» **Task instructions**: Repeat the records exactly. Leave out the pictures.

(Beginning of Records for processing)

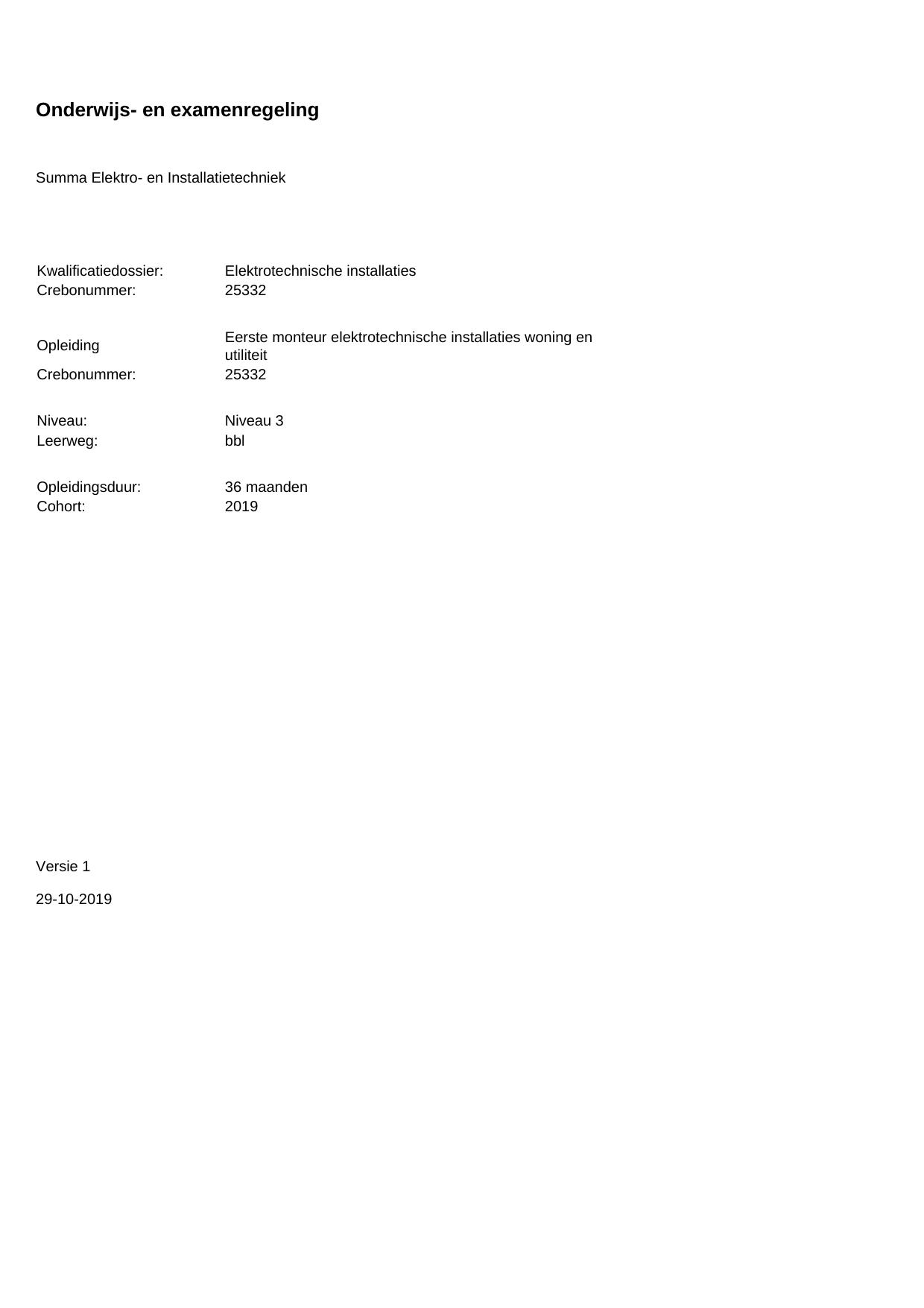 Eerste monteur elektrotechnische installaties woning en utiliteit 25332BOL36.01 in cohort 2019-2020
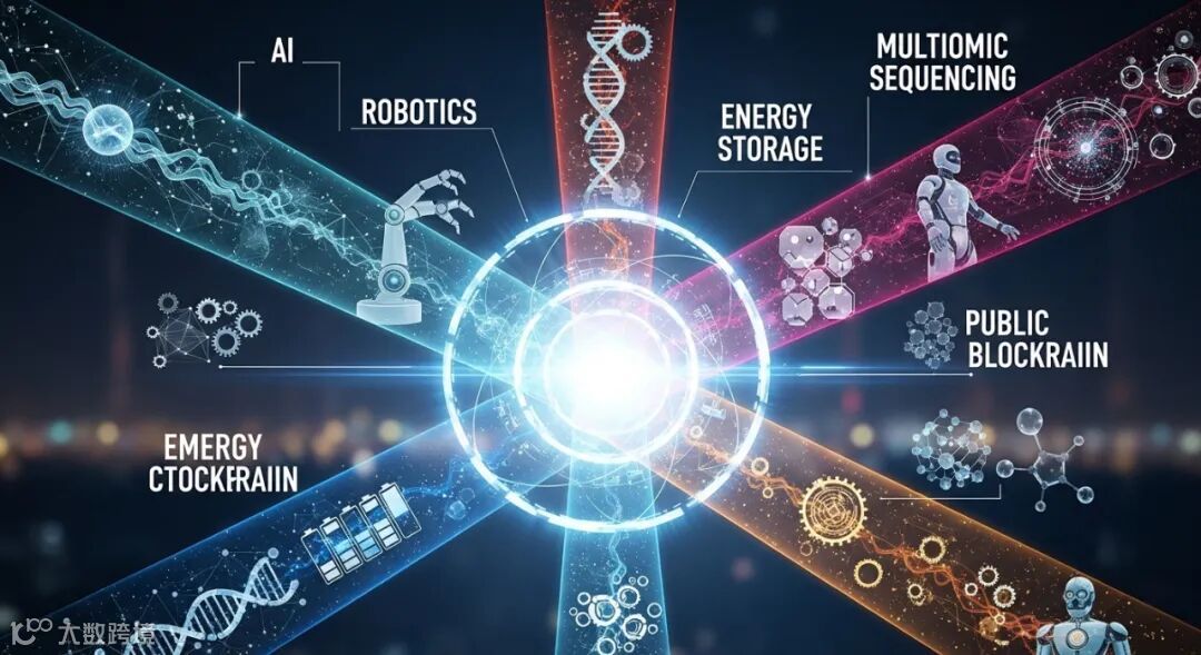 《Big Ideas 2025》报告的核心论点在于,世界正站在指数级经济增长的新纪元门槛上。这份报告不仅是ARK投资策略的理论基石,更是一份旨在教育投资者、帮助他们理解并把握创新机遇的“蓝图”。报告特别强调了五大正在加速融合的技术创新平台,它们被视为推动全球经济实现跨越式增长和深刻结构性变革的关键力量:
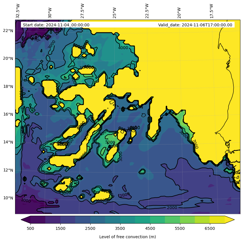 - Level of free convection (m)
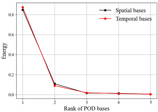 Figure 17 shows the energy proportion of the first five spatial and temporal bases. The first few bases capture most of the energy, especially the first-order basis, with 84% and 87.5% energy proportions, respectively. This indicates that a small number of bases can effectively reconstruct and .
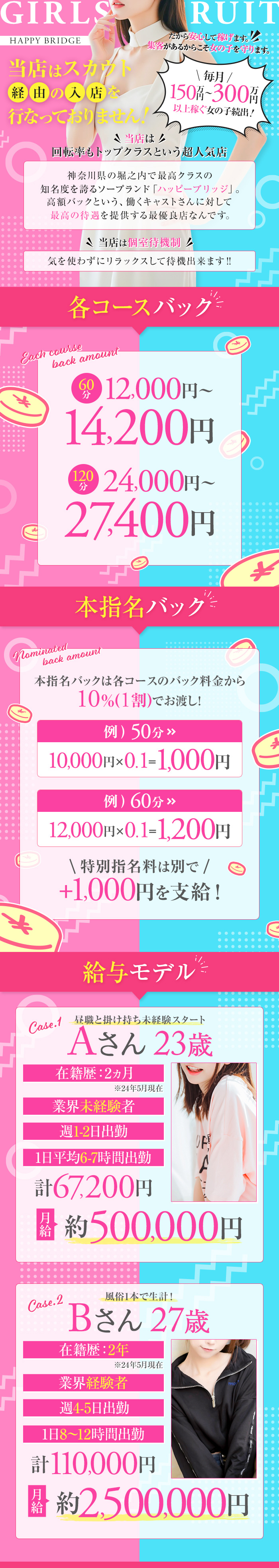 当店では、未経験の方をはじめ、主婦さん・OLさん・学生さん・掛け持ちを考えている方や出稼ぎ希望の方まで、幅広くご相談を受け付けています🌷「自分にできるかな?」という方も、まずはお気軽にお話しください😊※18歳未満(高校生を含む)のご応募はお断りしております。【お給料・待遇】各コースバック60分:12,000円~14,200円80分:16,000円~18,600円100分:20,000円~23,000円120分:24,000円~27,400円1日の平均接客数は5~12人、1回の平均接客時間は60分ほどです。※出勤状況により金額が変動する場合があります。詳しくは面接時にご説明します。
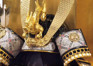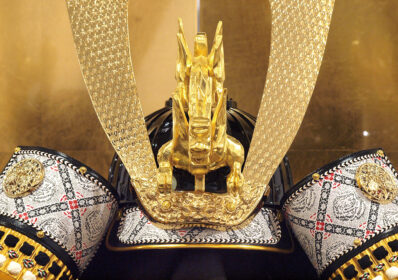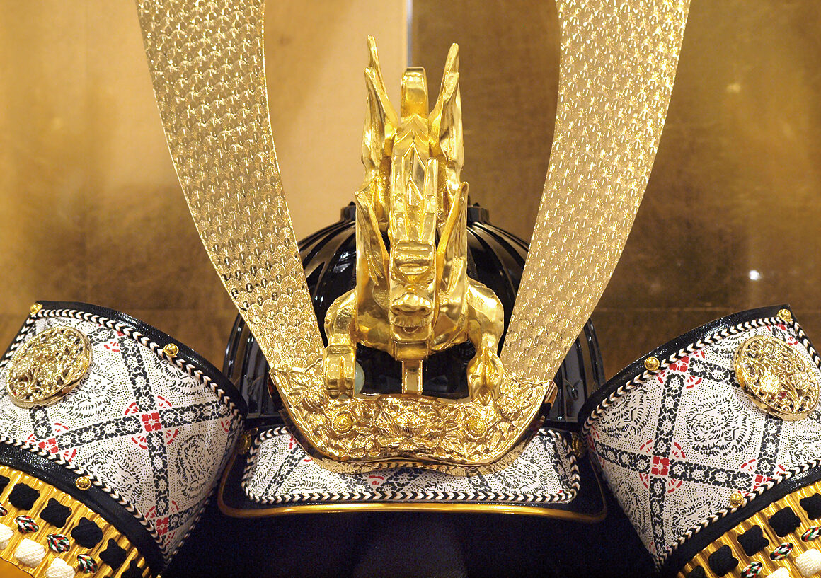 兜の中央に取り付けられた大きな竜頭は木彫り金箔押になっています。龍は登竜門の故事成語にあるように立身出世の象徴であり、また右手に持つ宝珠はあらゆる願いを叶えるといわれる縁起物です。
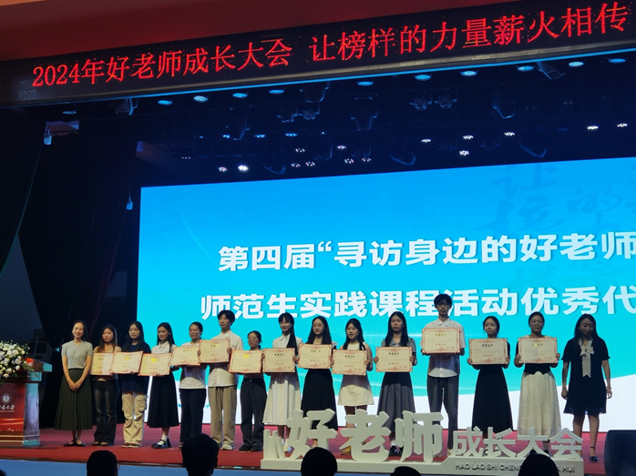 9月20日,2024年好老师成长大会暨第五届“寻找中国好老师”公益行动与“寻访身边的好老师”师范生实践课程活动总结大会在西南大学举行,我校学前教育学院学生李承坷、谭欢、王芳、吴琳、吴琦、吴睿涵、谢雨霏和儿童早期发展学院汤渝娥凭借其深厚的专业素养、敏锐的观察能力、真挚的师生情感以及出色的实践能力,从众多参赛者中脱颖而出,荣获了“优秀师范生”的称号。这一荣誉不仅是对学生们个人努力的肯定,更是对我校师范教育成果的一次集中展示和高度认可。
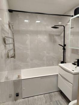 Особенности: Ремонт в квартире делали в прошлом году. Сняты деревянные полы, уложен новый ламинат. Новая электрика. Новый натяжной потолок. Увеличенная площадь ванной комнаты. Новый кафель. Заменена вся сантехника ( ванна, унитаз, раковина) Совмещена кухня с залом Новые межкомнатные двери и входная дверь. Пластиковые окна, Стены выровнены, окрашены. Квартира сдаётся в аренду впервые.

(End of Records for processing)

» **Task answer**:
 Eerste monteur elektrotechnische installaties woning en utiliteit 25332BOL36.01 in cohort 2019-2020
 《Big Ideas 2025》报告的核心论点在于,世界正站在指数级经济增长的新纪元门槛上。这份报告不仅是ARK投资策略的理论基石,更是一份旨在教育投资者、帮助他们理解并把握创新机遇的“蓝图”。报告特别强调了五大正在加速融合的技术创新平台,它们被视为推动全球经济实现跨越式增长和深刻结构性变革的关键力量:
 - Level of free convection (m)
 Figure 17 shows the energy proportion of the first five spatial and temporal bases. The first few bases capture most of the energy, especially the first-order basis, with 84% and 87.5% energy proportions, respectively. This indicates that a small number of bases can effectively reconstruct and .
 当店では、未経験の方をはじめ、主婦さん・OLさん・学生さん・掛け持ちを考えている方や出稼ぎ希望の方まで、幅広くご相談を受け付けています🌷「自分にできるかな?」という方も、まずはお気軽にお話しください😊※18歳未満(高校生を含む)のご応募はお断りしております。【お給料・待遇】各コースバック60分:12,000円~14,200円80分:16,000円~18,600円100分:20,000円~23,000円120分:24,000円~27,400円1日の平均接客数は5~12人、1回の平均接客時間は60分ほどです。※出勤状況により金額が変動する場合があります。詳しくは面接時にご説明します。
 兜の中央に取り付けられた大きな竜頭は木彫り金箔押になっています。龍は登竜門の故事成語にあるように立身出世の象徴であり、また右手に持つ宝珠はあらゆる願いを叶えるといわれる縁起物です。
 9月20日,2024年好老师成长大会暨第五届“寻找中国好老师”公益行动与“寻访身边的好老师”师范生实践课程活动总结大会在西南大学举行,我校学前教育学院学生李承坷、谭欢、王芳、吴琳、吴琦、吴睿涵、谢雨霏和儿童早期发展学院汤渝娥凭借其深厚的专业素养、敏锐的观察能力、真挚的师生情感以及出色的实践能力,从众多参赛者中脱颖而出,荣获了“优秀师范生”的称号。这一荣誉不仅是对学生们个人努力的肯定,更是对我校师范教育成果的一次集中展示和高度认可。
 Особенности: Ремонт в квартире делали в прошлом году. Сняты деревянные полы, уложен новый ламинат. Новая электрика. Новый натяжной потолок. Увеличенная площадь ванной комнаты. Новый кафель. Заменена вся сантехника ( ванна, унитаз, раковина) Совмещена кухня с залом Новые межкомнатные двери и входная дверь. Пластиковые окна, Стены выровнены, окрашены. Квартира сдаётся в аренду впервые.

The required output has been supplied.